Frankie was set in Sintra, Portugal. If you knew your days were numbered, where would you want to go and spend time?
Well, I don’t really like to think about this situation! But in a way, don’t we all live with the knowledge we have limited time? Life is a limited time. Basically, I want to go everywhere, as many places as possible. I want to read as many books as possible. In a way, I have a hunger for occasions, for life. It might be an unconscious awareness of how life is short.

What is Sintra like?
I had been there before, to do a 2002 movie with a wonderful gay German director who is not here anymore, Werner Schroeter, called Two. Sintra is a place I know very well and spent many weeks there and I was happy to go there again. It has a mysterious, spiritual, and magic power.

Are you more of a countryside person or a city person?
I’m more urban. I like all the potential of a city. I’m certainly sensitive to the countryside, and was sensitive to the majesty and beauty of Sintra’s landscape in Portugal. There is a drama in this nature that perfectly fits the theme of Frankie, and I like to go there for short visit. But in general I really like cities, which is why I love being in NYC today. It’s really the extreme realization of what you expect from a city.

How did working with Ira Sachs differ from, say, Francois Ozon?
It’s definitely very different, but as with all great directors no matter how different their films, there is always something in common. That is a certain freedom you give to the actors and ability to capture some personal moments. I think in a performance you create a character, but halfway in the process your own persona takes over and it becomes a mixture between what you are supposed to be in the fiction and what you actually are.
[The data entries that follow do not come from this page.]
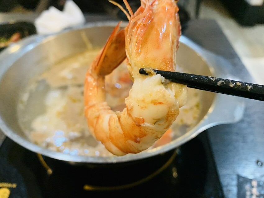 不要再管老公會不會撥蝦給老婆吃了,【武鶴和牛火鍋】新莊店的剝蝦服務讓你完全不用動手。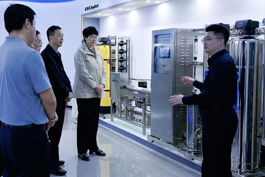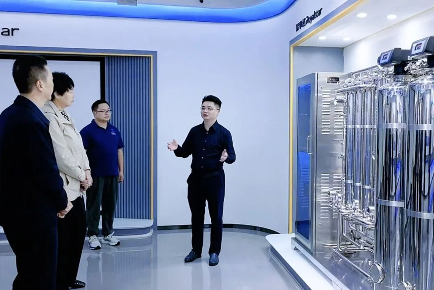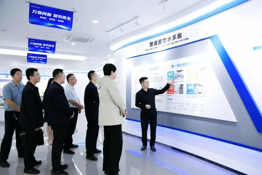 領(lǐng)導(dǎo)一行參觀公司全屋智慧凈水、管道直飲水、校園智慧飲水、單位/工廠直飲水等項目,了解公司在凈水行業(yè)全領(lǐng)域的發(fā)展情況。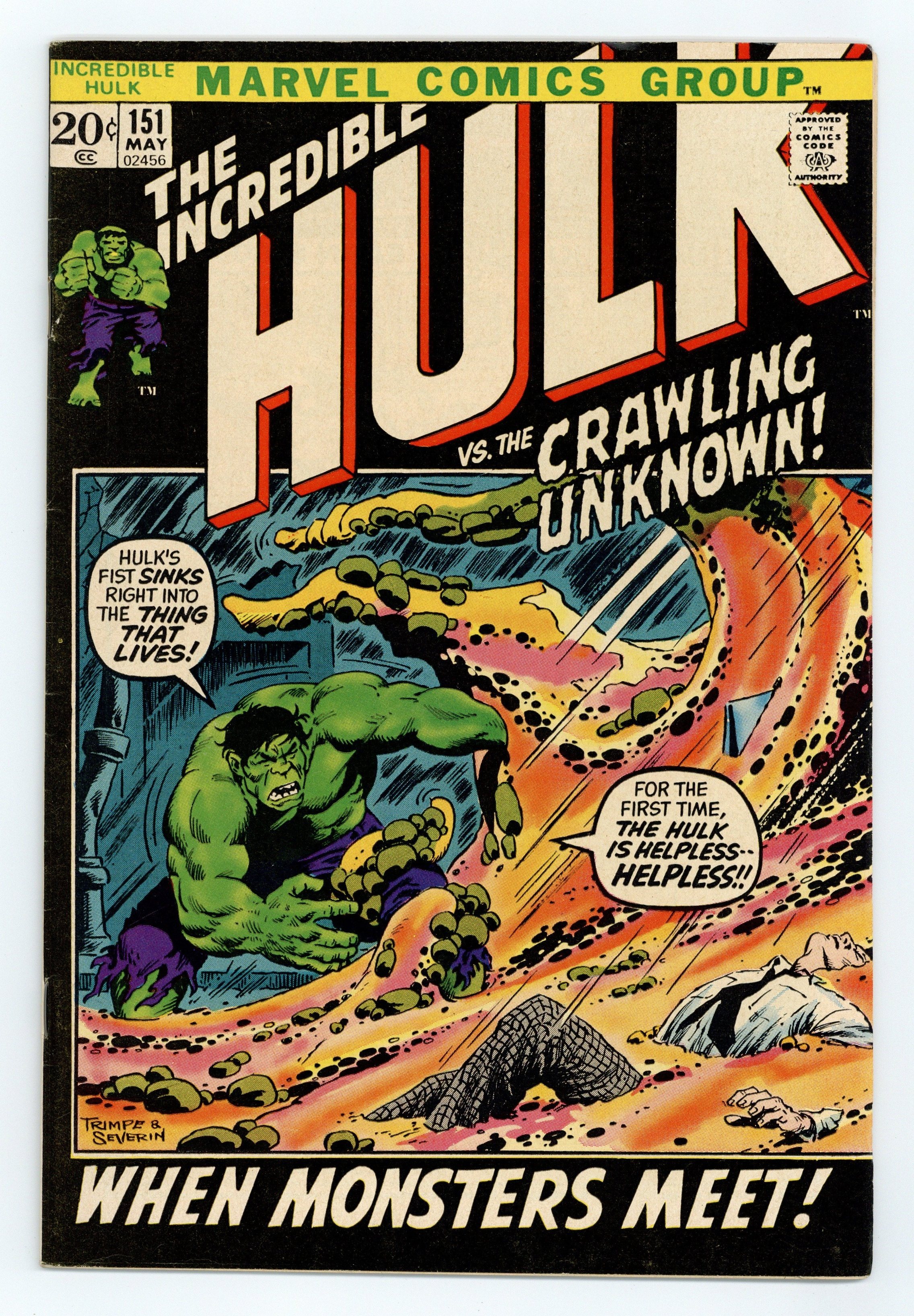 Tags: Marvel Legacy Numbering: Hulk (part 151), Hulk$32.50Cover pencils by Herb Trimpe, inks by John Severin. When Monsters Meet!, script by Archie Goodwin, pencils by Herb Trimpe, inks by John Severin; Bruce heads to Washington D.C. to try and enlist Hank Pym's help in shrinking him small enough to reach Jarella's subatomic world; Enraged when he can't track down Ant-Man, Bruce turns into the Hulk and has to fend off a toxic glob that used to be a U.S. senator who was using Hulk's gamma irradiated blood to try and cure his cancer (which obviously turned out to be a bad idea). Statement of Ownership average # of copies in preceding 12 months: 367,427. 36 pgs. $0.20. Cover price $0.20.

Both Ira and Francois have the ability to watch the actors in that way.

Although Greta was set in NYC, it was shot partly in Dublin, Ireland and Toronto, Canada. Where would you most love to go and shoot a movie?
I’ve shot movies in so many places. I’ve done movies in Death Valley, where it is 120 degrees even at night and the water from the tap is still boiling at five in the morning. It was called Valley of Love, with Gerard Depardieu. It was a beautiful film. I’ve done movies in Korea, in the Philippines. It’s interesting to make movies in the most unanticipated places in a way, because there is always a common language: the camera and movie making. It’s a nice feeling to be in a foreign land yet with a familiar surrounding, so it makes the trip reassuring in a way.

Was it fun to play a kidnapping, murderous psychopath in Greta?
It was! Yes, because I think it’s more than playing a psychopath. Clearly Greta is a psychopath and madwoman, but at some point there are inner steps in the film to understand she’s a wounded person, it’s like she wants to recreate this lost paradise of childhood and motherhood. It becomes really interesting, romanesque and deep. Especially what I like best in the film is the moment I discovered, on location in the Dublin studio we shot in, this little hidden bedroom where Greta would keep Frances (Moretz’s character) locked up. In the script it wasn’t that clear, but when I saw this room where she kept her victims, something became so clear. All the teddy bears and toys, it looked like the bedroom of a child from the 19th century, and I think it gave a lot of insight and depth to the character. A lot of poetry to it, even though she’s not exactly a poetic character.

As a regular guest at the Cannes Film Festival, what are some tips for first timers who are thinking about going?
I can imagine when you go for the first time it’s scary, but also very exciting. I would take it easy. Interestingly enough, I did a movie in 2016 in Cannes called Claire’s Camera. Directed by South Korean filmmaker Sang-soo Hong, we shot it in Cannes during the festival, just before I was meant to present Elle. It was quite fascinating because if you go two streets parallel from La Croisette, literally 100 meters away from where it all happens, you couldn’t even tell there was a film festival. We spent 10 days shooting this film a few meters away and it was almost a normal town. Interesting.